To enter the stage, Jim Legaxy walked through the crowd. We stood parted and cheered as he marched through, dressed in a black puffer and a red leather backpack, armed with a big ass smile on his face. On stage he had a full band and a fake departures board with live train times from the station he grew up next to in London. He had so. much. fun. The crowd knew every word that came out of his mouth and they echoed him, sometimes even beating him to the punch. Legxacy, his band, and every person in the crowd molded into one creature, pleading and grieving and laughing and dreaming together on Varick Street, some random Wednesday in November. Everyone danced and jumped and held each other or themselves or just held on to every sound coming out of the speaker. His performance took us on a ride between genres, across emotions, through past, present, and future. Everyone felt what Legxacy rapped about deep in their bodies no matter where those bodies came from or looked like. His music is deeply rooted in where he grew up, the people he has lost, the sounds he came up hearing, the musical tradition he comes from.

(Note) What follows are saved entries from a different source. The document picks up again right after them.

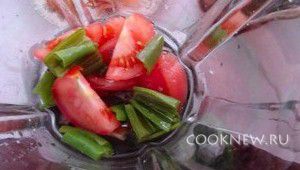С помидора снимаем кожицу и нарезаем на куски, чтобы ваш блендер смог их перемолоть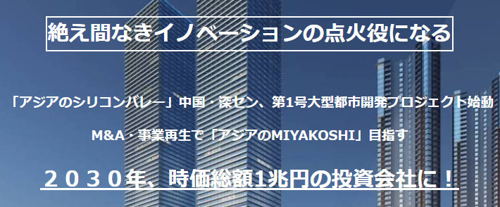 宮越HDは中国の不動産賃貸の会社で、今、結構投資家の中で注目されている銘柄ですので、知っている方も多いかと思いますが「時価総額400億円程度ですが、会社のHPに時価総額1兆円を目指す!」と記載した事で投資家の注目を集めた企業です。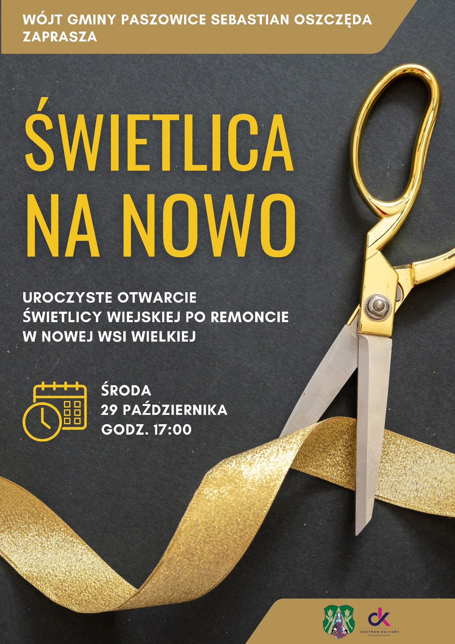 Nowa Wieś Wielka - Świetlica na nowoWójt Gminy Paszowice Sebastian Oszczęda zaprasza na uroczyste otwarcie świetlicy wiejskiej po remoncie w Nowej Wsi Wielkiej! Data: Środa: Miejsce: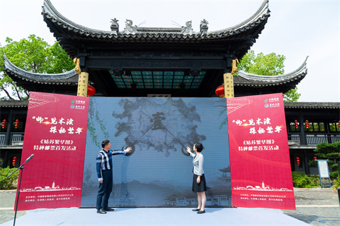 木渎镇党委副书记、政协工委主任孔岳荣,吴中区邮政局局长沈黎上台,共同为《姑苏繁华图》特种邮票首发揭幕。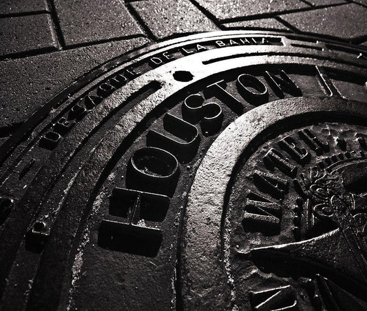 Houston-Texas manhole cover White Modern Wood Framed Art Print with Double Matting by SMO

I can’t even imagine how it must have felt to be across the Atlantic for the first time, witnessing everyone resonate with what he has made.
The Moment: Watching Jim Legaxy dance around on stage, microphone down, elated as everyone screamed out every word of jealousy. Again, people went bar for bar this entire show. There wasn’t a single moment where you could only hear Legxacy, everyone was screaming his lyrics with urgency, but I mention jealousy because it was one of the first songs he played, setting the bar for the rest of the evening.
iPhone Presence: 7/10. Honestly I’m probably giving it a lighter score than it deserves but the iPhone presence felt like a little more of a vibe at this show. Flash on, waving your phone around while rapping at an artist you love. Type shit.
Additional Notes: I really can’t remember the last time I went to a gig where the artist was so excited to be in New York. Writing now I am thinking about when I saw Jake Bugg’s debut at The Slipper Room back in 2012 or 2013. I went with my dad’s then-girlfriend and they said it was 16+ and I tried to be chill but I cried so much and they felt bad and let us in. I remember Bugg seemed so nervous on stage in between songs, like he didn’t have words to fill the space, like he had been blinded by the bright lights beating down on him. Jim Legaxy was definitely more excited than nervous, but it was sweet to be reminded of going to that show back in my day.
Stars Revenge & Pop Music Fever Dream 11.19
The Venue: Silver Note Lounge
The Team: Me, Cat, the friends we made along the way
The Scene: Oomfcon part one of the week. It was a nice and small Wednesday crowd, so it was easy to spot all the faces I knew from my phone and from all my previous Star’s Revenge and PMFD shows. It was especially fun to spot some people I hadn’t seen since the Taxes music video back in June. The smoking area was bubbly, lots of people walking up to each other and asking what brought them to Silver Note for the evening-- so many people knowing Carmen, which made everyone feel pre-vetted to me. The last time I was at this venue was for a Boxxer show, but that was also part of Matt Weinburger’s Downtown Prom Party, so it’s suffice to say I was excited to be back at that venue with a much different crowd.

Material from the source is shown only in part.